*** Begin section ***

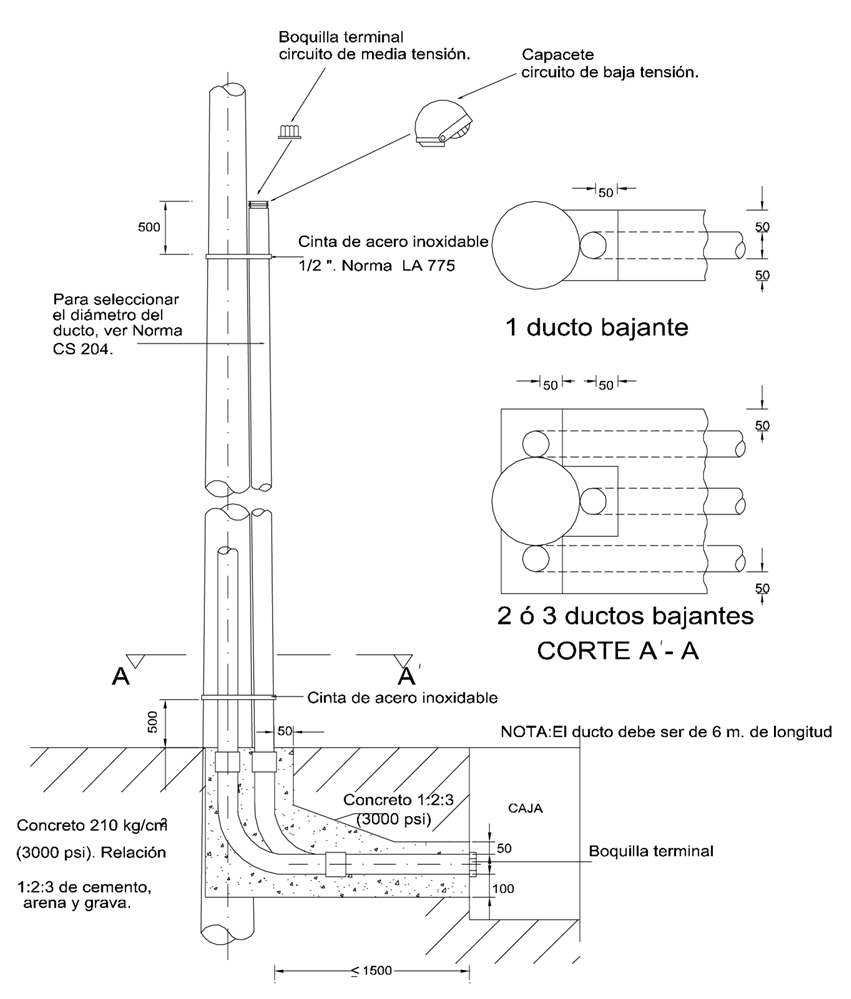 1. En casos estrictamente necesarios se permite el uso de dos ductos destinados a la red de MT y tres ductos para poste
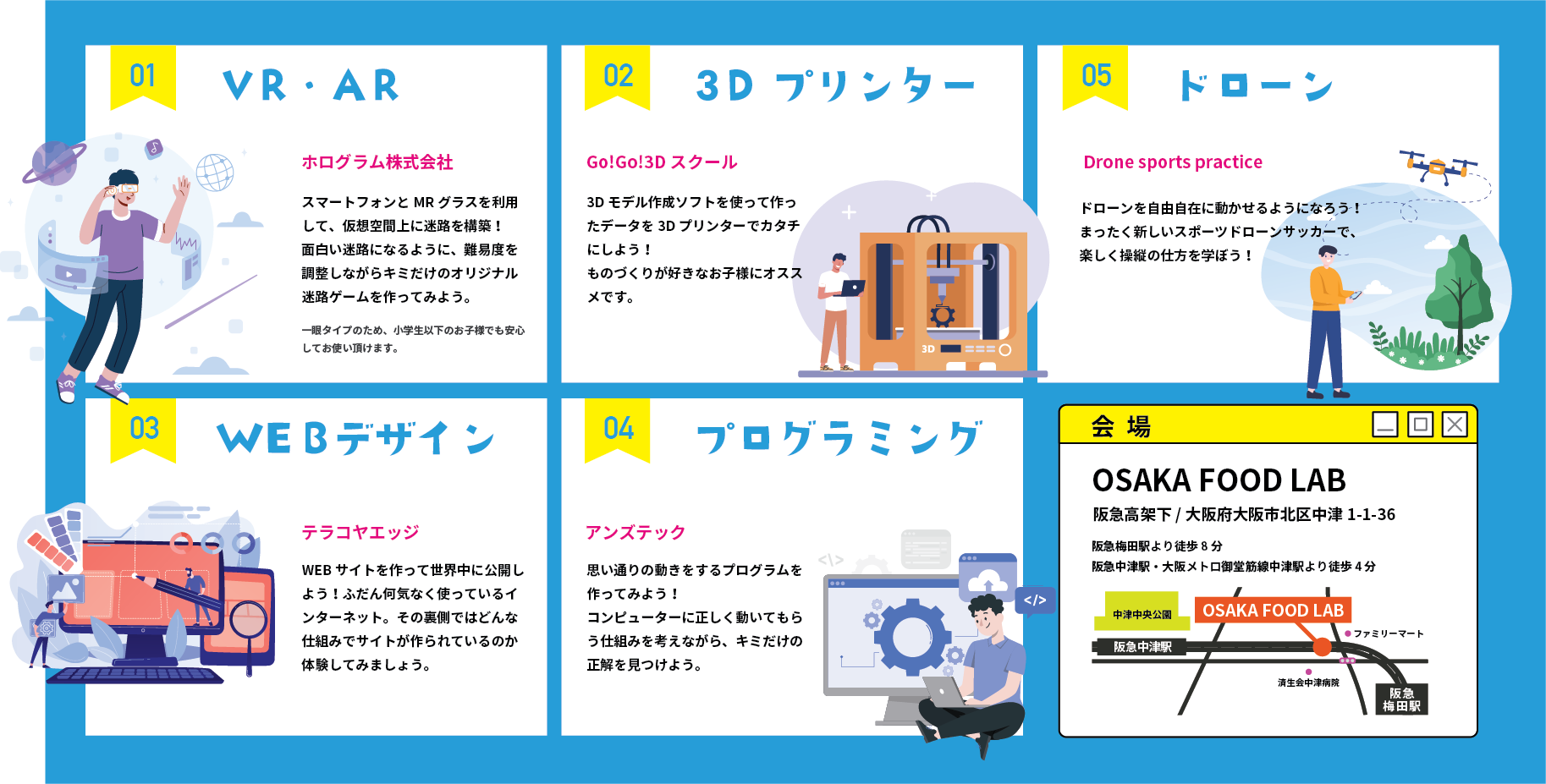 当イベントでは、いま注目されるテクノロジーを専門とする企業/団体全5団体が子どもたちに向けて、それぞれVR/AR、3Dプリンター、webデザイン、プログラミングなど特別プログラムを提供します。
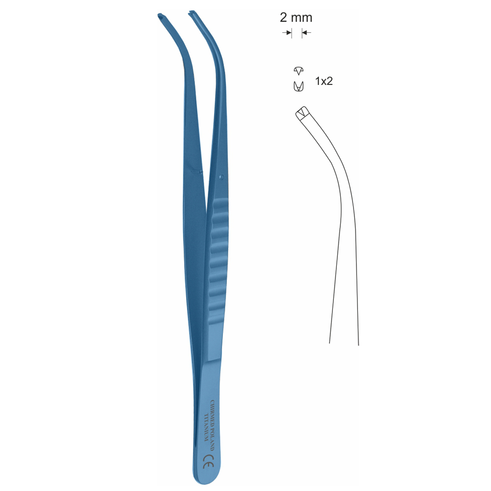 Pinceta chirurgiczna, dł. 165 mm, czubek 2 mm, 1×2 ząbki, odgięta, z tytanu
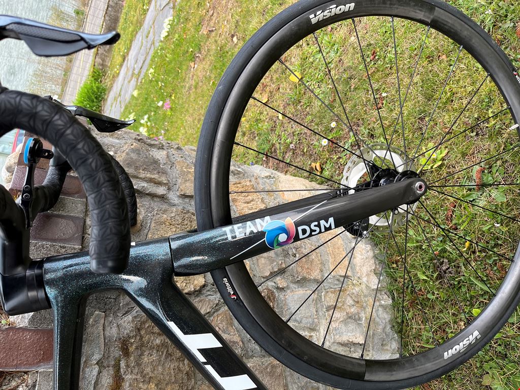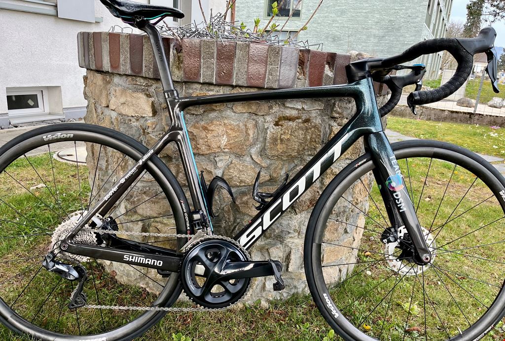 - Zum Verkauf steht ein gebrauchtes Scott Addict RC des UCI Teams DSM. Das Rad wurde von einem Teamfahrer als Trainingsrad genutzt, danach bin ich ich es noch etwas über ein Jahr gefahren. Seither wurde es kaum genutzt. Zustand ist top, Service ist gemacht, alle Verschleissteile (kompletter Antrieb, Bremsbeläge und -scheiben) wurden ersetzt. Rahmen-Set: Scott Addict RC Team Design, Grösse 56 Lenker-Vorbau: Syncros Creston iC SL, 110x420mm Sattelstütze: Syncros Duncan SL Aero Schalthebel: Shimano Dura Ace Di2 2x11 Umwerfer: Shimano Dura Ace Kurbel: Shimano Ultegra 2x11 (52/36), 172.5 mm (neu) Schaltwerk: Shimano Ultegra 2x11 Kette: Shimano Ultegra 11x (neu, entfettet und gewachst) Kassette: Shimano Ultegra 11x (11-32) Laufräder: Vision 35 mm Reifen: Vittoria Corsa N.EXT 26 (neu) mit Schlauch (neu) Sattel: Zitto 3d (nicht auf Foto) Pedale: Ohne Übergabe/Besichigung entweder bei Aarau oder in Zürich nähe HB möglich

*** End section ***

- _PROBLEM DESCRIPTION_: Set the listing down again exactly, skipping each picture.

- _SOLUTION TO THIS TASK_:
 1. En casos estrictamente necesarios se permite el uso de dos ductos destinados a la red de MT y tres ductos para poste
 当イベントでは、いま注目されるテクノロジーを専門とする企業/団体全5団体が子どもたちに向けて、それぞれVR/AR、3Dプリンター、webデザイン、プログラミングなど特別プログラムを提供します。
 Pinceta chirurgiczna, dł. 165 mm, czubek 2 mm, 1×2 ząbki, odgięta, z tytanu
 - Zum Verkauf steht ein gebrauchtes Scott Addict RC des UCI Teams DSM. Das Rad wurde von einem Teamfahrer als Trainingsrad genutzt, danach bin ich ich es noch etwas über ein Jahr gefahren. Seither wurde es kaum genutzt. Zustand ist top, Service ist gemacht, alle Verschleissteile (kompletter Antrieb, Bremsbeläge und -scheiben) wurden ersetzt. Rahmen-Set: Scott Addict RC Team Design, Grösse 56 Lenker-Vorbau: Syncros Creston iC SL, 110x420mm Sattelstütze: Syncros Duncan SL Aero Schalthebel: Shimano Dura Ace Di2 2x11 Umwerfer: Shimano Dura Ace Kurbel: Shimano Ultegra 2x11 (52/36), 172.5 mm (neu) Schaltwerk: Shimano Ultegra 2x11 Kette: Shimano Ultegra 11x (neu, entfettet und gewachst) Kassette: Shimano Ultegra 11x (11-32) Laufräder: Vision 35 mm Reifen: Vittoria Corsa N.EXT 26 (neu) mit Schlauch (neu) Sattel: Zitto 3d (nicht auf Foto) Pedale: Ohne Übergabe/Besichigung entweder bei Aarau oder in Zürich nähe HB möglich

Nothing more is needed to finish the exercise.